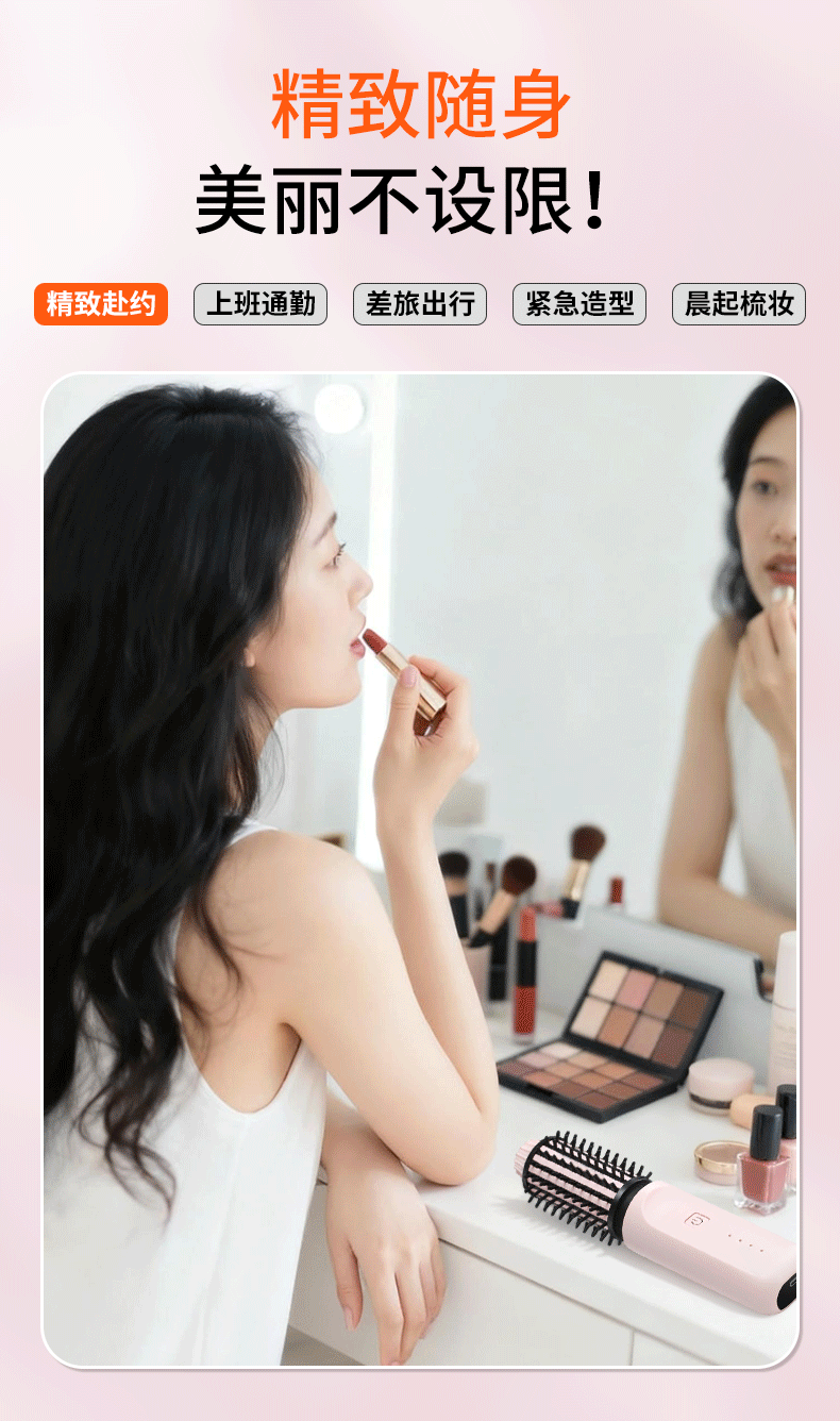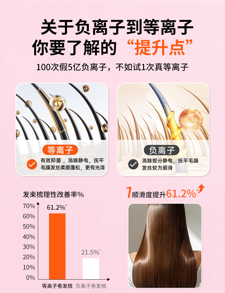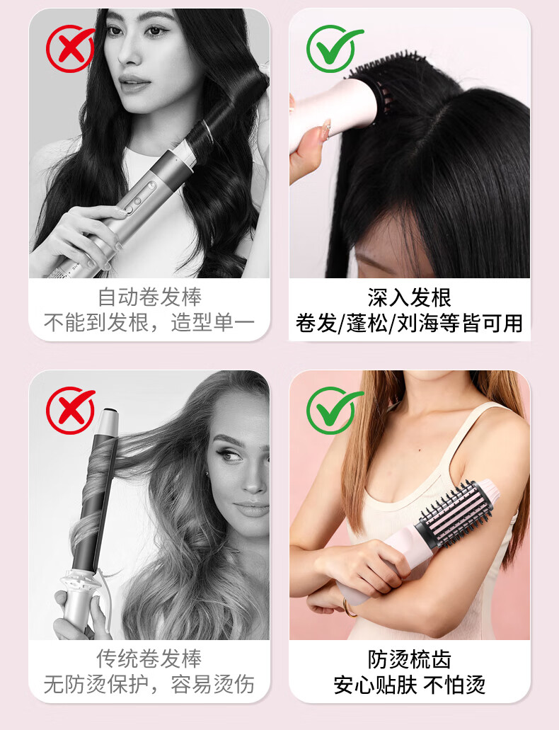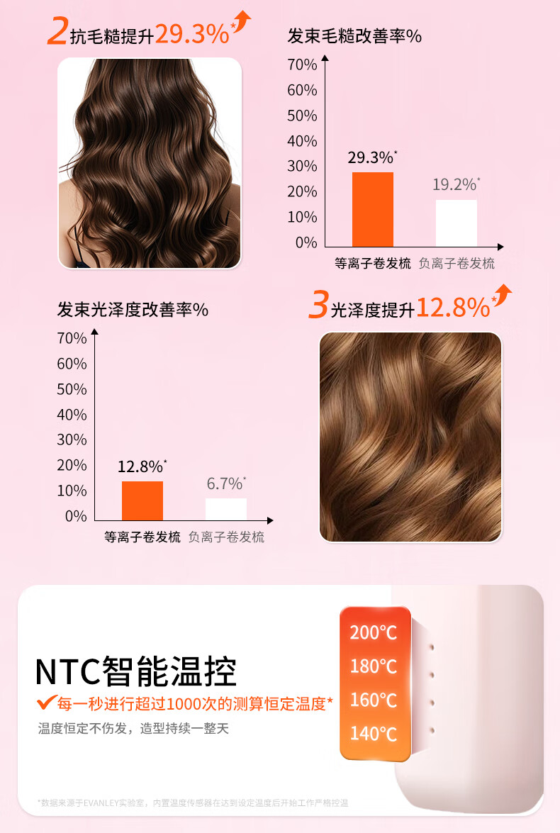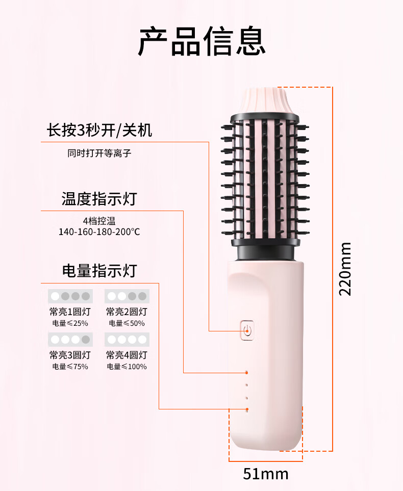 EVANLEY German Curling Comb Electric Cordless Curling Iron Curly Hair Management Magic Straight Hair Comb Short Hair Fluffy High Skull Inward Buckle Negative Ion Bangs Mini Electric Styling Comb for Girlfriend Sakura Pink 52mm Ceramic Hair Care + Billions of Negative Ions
+ + + +
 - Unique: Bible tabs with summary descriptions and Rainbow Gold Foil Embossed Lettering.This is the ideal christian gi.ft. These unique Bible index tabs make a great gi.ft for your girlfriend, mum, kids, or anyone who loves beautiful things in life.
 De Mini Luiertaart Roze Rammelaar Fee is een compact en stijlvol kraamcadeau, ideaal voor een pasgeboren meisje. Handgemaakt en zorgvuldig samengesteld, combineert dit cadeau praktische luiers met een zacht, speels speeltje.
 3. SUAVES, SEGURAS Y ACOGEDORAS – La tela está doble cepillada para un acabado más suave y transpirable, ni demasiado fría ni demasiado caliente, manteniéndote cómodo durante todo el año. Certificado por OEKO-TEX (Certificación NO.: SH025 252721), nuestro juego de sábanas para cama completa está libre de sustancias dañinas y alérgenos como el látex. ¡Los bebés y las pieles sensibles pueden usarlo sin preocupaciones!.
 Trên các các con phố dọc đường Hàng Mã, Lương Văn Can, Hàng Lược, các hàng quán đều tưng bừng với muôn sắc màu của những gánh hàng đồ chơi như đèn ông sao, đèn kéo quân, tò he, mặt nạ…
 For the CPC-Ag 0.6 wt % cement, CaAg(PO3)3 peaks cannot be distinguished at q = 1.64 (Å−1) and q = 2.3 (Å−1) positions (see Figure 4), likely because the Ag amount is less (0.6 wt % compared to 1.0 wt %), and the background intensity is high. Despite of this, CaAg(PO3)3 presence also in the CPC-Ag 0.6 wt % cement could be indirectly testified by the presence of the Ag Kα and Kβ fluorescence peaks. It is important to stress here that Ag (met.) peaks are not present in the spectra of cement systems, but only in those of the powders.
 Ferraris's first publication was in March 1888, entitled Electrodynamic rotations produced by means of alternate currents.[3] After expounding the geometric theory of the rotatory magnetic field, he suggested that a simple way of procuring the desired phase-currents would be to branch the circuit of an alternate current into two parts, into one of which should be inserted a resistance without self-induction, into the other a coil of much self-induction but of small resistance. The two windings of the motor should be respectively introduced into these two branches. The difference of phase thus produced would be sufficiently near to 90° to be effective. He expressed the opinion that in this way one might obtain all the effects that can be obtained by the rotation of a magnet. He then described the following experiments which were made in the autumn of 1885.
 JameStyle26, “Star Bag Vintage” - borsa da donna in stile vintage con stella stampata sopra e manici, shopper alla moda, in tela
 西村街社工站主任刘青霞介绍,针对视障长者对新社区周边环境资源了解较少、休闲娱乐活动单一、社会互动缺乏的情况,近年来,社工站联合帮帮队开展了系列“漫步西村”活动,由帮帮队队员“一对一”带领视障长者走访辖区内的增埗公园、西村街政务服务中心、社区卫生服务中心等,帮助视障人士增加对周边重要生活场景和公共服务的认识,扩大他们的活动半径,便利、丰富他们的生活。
+ + + +
*Work instructions*. Above are the records; repeat exactly the lines from the one holding "De Mini Luiertaart" down to the one holding "Trên các các", end lines included.

*Exercise result*.
 De Mini Luiertaart Roze Rammelaar Fee is een compact en stijlvol kraamcadeau, ideaal voor een pasgeboren meisje. Handgemaakt en zorgvuldig samengesteld, combineert dit cadeau praktische luiers met een zacht, speels speeltje.
 3. SUAVES, SEGURAS Y ACOGEDORAS – La tela está doble cepillada para un acabado más suave y transpirable, ni demasiado fría ni demasiado caliente, manteniéndote cómodo durante todo el año. Certificado por OEKO-TEX (Certificación NO.: SH025 252721), nuestro juego de sábanas para cama completa está libre de sustancias dañinas y alérgenos como el látex. ¡Los bebés y las pieles sensibles pueden usarlo sin preocupaciones!.
 Trên các các con phố dọc đường Hàng Mã, Lương Văn Can, Hàng Lược, các hàng quán đều tưng bừng với muôn sắc màu của những gánh hàng đồ chơi như đèn ông sao, đèn kéo quân, tò he, mặt nạ…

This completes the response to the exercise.